§ **YOUR OBJECTIVE**
What must be handed in is the entire listing, exactly as written, with no pictures.

§ **DATA PROVIDED**

--------------------------------------------------

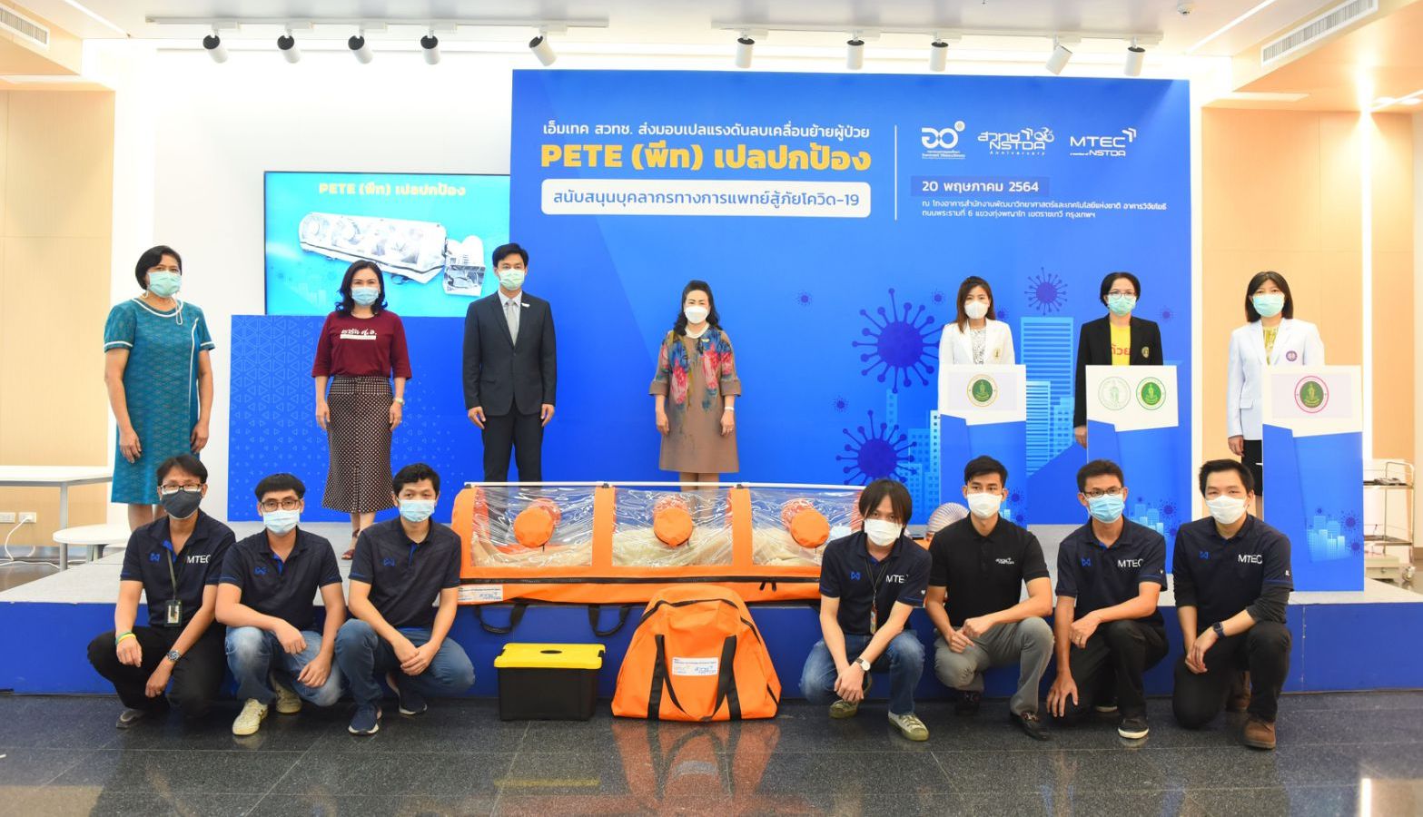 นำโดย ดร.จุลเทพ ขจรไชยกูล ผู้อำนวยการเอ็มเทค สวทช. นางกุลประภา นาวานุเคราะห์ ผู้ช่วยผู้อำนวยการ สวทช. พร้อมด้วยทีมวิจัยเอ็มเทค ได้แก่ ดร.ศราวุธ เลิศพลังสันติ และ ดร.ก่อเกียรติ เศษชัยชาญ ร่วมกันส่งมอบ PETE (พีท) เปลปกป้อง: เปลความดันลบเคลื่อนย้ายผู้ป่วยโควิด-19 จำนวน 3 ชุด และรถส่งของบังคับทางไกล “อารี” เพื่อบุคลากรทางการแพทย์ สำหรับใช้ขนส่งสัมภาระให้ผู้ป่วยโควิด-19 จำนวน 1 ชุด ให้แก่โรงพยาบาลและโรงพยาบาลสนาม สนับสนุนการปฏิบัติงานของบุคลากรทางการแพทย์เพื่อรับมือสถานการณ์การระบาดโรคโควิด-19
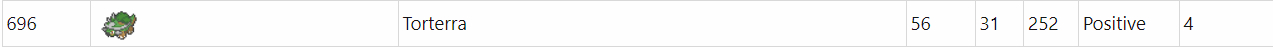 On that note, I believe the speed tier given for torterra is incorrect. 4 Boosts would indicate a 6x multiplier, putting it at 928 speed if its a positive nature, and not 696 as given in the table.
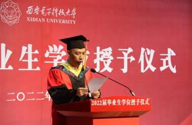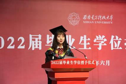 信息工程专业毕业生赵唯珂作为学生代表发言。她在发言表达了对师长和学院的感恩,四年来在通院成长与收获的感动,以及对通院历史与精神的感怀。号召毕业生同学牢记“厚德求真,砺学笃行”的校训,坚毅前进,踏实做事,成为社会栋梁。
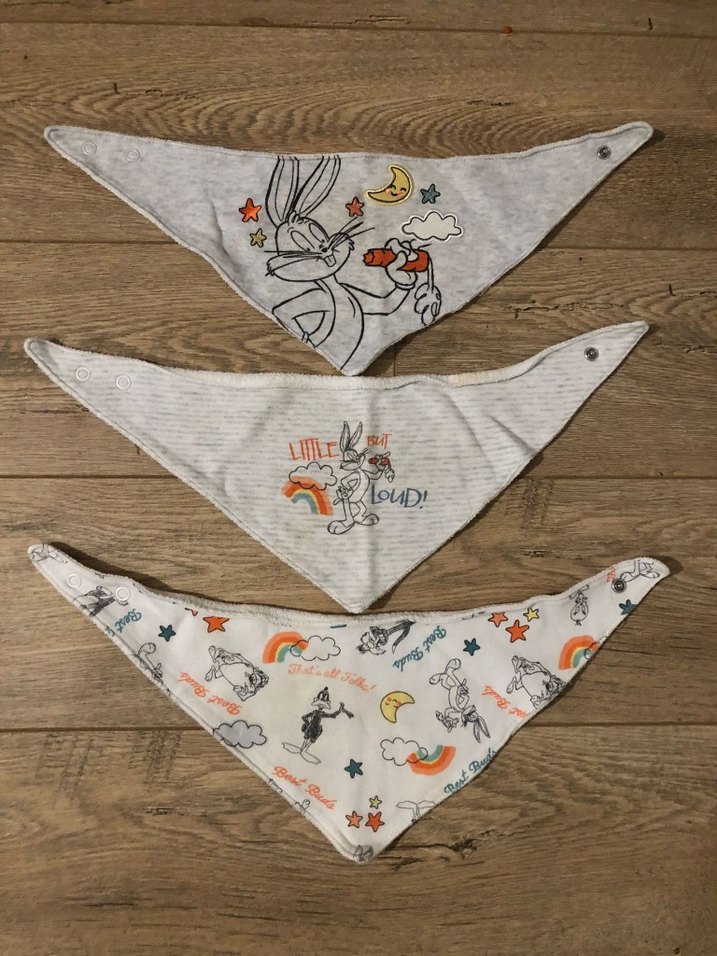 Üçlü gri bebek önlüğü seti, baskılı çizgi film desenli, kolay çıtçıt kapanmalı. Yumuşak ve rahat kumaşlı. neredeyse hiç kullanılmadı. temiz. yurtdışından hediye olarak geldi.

--------------------------------------------------

§ **SOLVED PROBLEM**
 นำโดย ดร.จุลเทพ ขจรไชยกูล ผู้อำนวยการเอ็มเทค สวทช. นางกุลประภา นาวานุเคราะห์ ผู้ช่วยผู้อำนวยการ สวทช. พร้อมด้วยทีมวิจัยเอ็มเทค ได้แก่ ดร.ศราวุธ เลิศพลังสันติ และ ดร.ก่อเกียรติ เศษชัยชาญ ร่วมกันส่งมอบ PETE (พีท) เปลปกป้อง: เปลความดันลบเคลื่อนย้ายผู้ป่วยโควิด-19 จำนวน 3 ชุด และรถส่งของบังคับทางไกล “อารี” เพื่อบุคลากรทางการแพทย์ สำหรับใช้ขนส่งสัมภาระให้ผู้ป่วยโควิด-19 จำนวน 1 ชุด ให้แก่โรงพยาบาลและโรงพยาบาลสนาม สนับสนุนการปฏิบัติงานของบุคลากรทางการแพทย์เพื่อรับมือสถานการณ์การระบาดโรคโควิด-19
 On that note, I believe the speed tier given for torterra is incorrect. 4 Boosts would indicate a 6x multiplier, putting it at 928 speed if its a positive nature, and not 696 as given in the table.
 信息工程专业毕业生赵唯珂作为学生代表发言。她在发言表达了对师长和学院的感恩,四年来在通院成长与收获的感动,以及对通院历史与精神的感怀。号召毕业生同学牢记“厚德求真,砺学笃行”的校训,坚毅前进,踏实做事,成为社会栋梁。
 Üçlü gri bebek önlüğü seti, baskılı çizgi film desenli, kolay çıtçıt kapanmalı. Yumuşak ve rahat kumaşlı. neredeyse hiç kullanılmadı. temiz. yurtdışından hediye olarak geldi.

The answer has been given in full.